A four-day workshop was hosted by Jabalbina Aboriginal Corporation with support from Terrain Natural Resource Management and Wet Tropics Management Authority.
Groups commended Jabalbina for its Junior Ranger certificate for Mossman senior school students.
The workshop also featured sessions ranging from technical know-how and information about weeds, fire management, and drone operation, to joint management and enterprise development.
Jabalbina CEO Jim Turnour said the benefits extended far beyond practical skills.
“This is also about sharing knowledge and experiences, inspiring and motivating,” he said. “It’s important that ranger groups keep culture strong and make that work within a government context.
Phillip Minniecon is the Ranger Coordinator for the Jabalbina Rangers and said he was impressed with the level of collaboration.
“I love it. I get to sit down with other coordinators and talk about issues we’re facing. All of a sudden it’s not just you trying to solve a problem, you’ve got all of these other guys helping,” he said.

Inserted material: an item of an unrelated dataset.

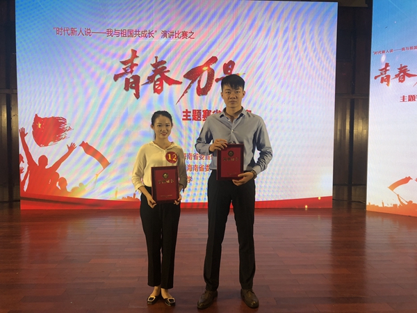 本校8月31日讯(校团委报道)2019年8月30日上午,海南省“时代新人说——我与祖国共成长”演讲比赛之“青春力量”主题赛决赛在海南大学举行。9428cn太阳集团古天乐学生陈莉璎、刘海平在决赛中分别荣获第五名和优秀奖。

“I had had something on my mind for 12 months, and within 5 minutes, someone had answered that problem for me.”
More than 60 people attended, including representatives from established ranger groups such as Yirrganydji, Djunbunji, Girringun, and Gunggandji, and emerging ranger programs such as Jirrbal and Djabugay.
“We really appreciate the support that Terrain and WTMA have given us to host this workshop, from logistics through to facilitation to communications support,” said Mr Turnour. Jabalbina also thanked Terrain and the WTMA, and state and federal funds for the Working on Country and Indigenous Protected Area Programs.
Ranger groups from across the Wet Tropics at the workshop.
Philip Minniecon from the Jabalbina Rangers and Marcus Riley from Bulmba Rangers.
Victor Bulmer from the Djunbunji Rangers.